_What you should do:_ Give back the data below word for word. Any image in it should be left out.

_Information provided:_
>>>

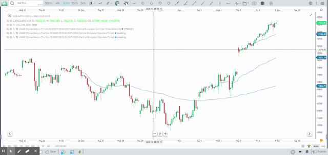 Anchored VWAP or Custom VWAP tool allows drawing a VWAP line within a specified range or from a specified starting point.
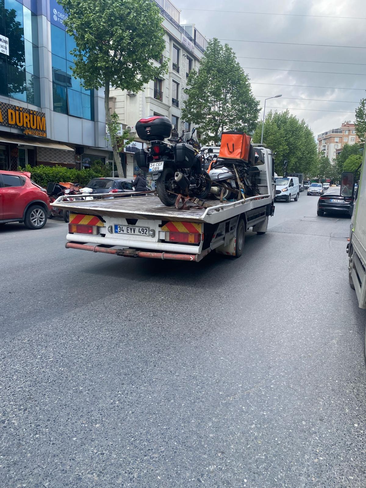 MOTOSİKLETİ BAĞLANAN SÜRÜCÜDEN ÇEKİCİ UYGULAMASINA TEPKİ
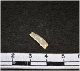 | Description / विवरण | A fragment of a rectangular shaped chalcedony blade showing dorsal sides with sharp edges having smooth surface and triangular section. |
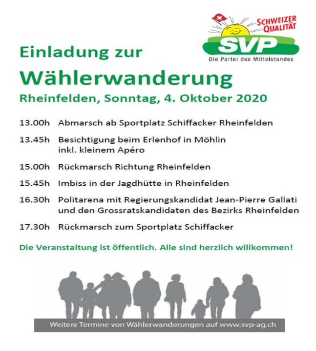 Wir laden Sie ganz herzlich zur Wählerwanderung am 4. Oktober ein. Am Anlass werden viele Personen teilnehmen, welche im Bezirk stark verankert sind. Daneben wir unser Regierungsratskandidat Jean Pierre Gallati auch am Anlass teilnehmen. Weitere Informationen finden Sie im Anhang.

<<<

_Task result:_
 Anchored VWAP or Custom VWAP tool allows drawing a VWAP line within a specified range or from a specified starting point.
 MOTOSİKLETİ BAĞLANAN SÜRÜCÜDEN ÇEKİCİ UYGULAMASINA TEPKİ
 | Description / विवरण | A fragment of a rectangular shaped chalcedony blade showing dorsal sides with sharp edges having smooth surface and triangular section. |
 Wir laden Sie ganz herzlich zur Wählerwanderung am 4. Oktober ein. Am Anlass werden viele Personen teilnehmen, welche im Bezirk stark verankert sind. Daneben wir unser Regierungsratskandidat Jean Pierre Gallati auch am Anlass teilnehmen. Weitere Informationen finden Sie im Anhang.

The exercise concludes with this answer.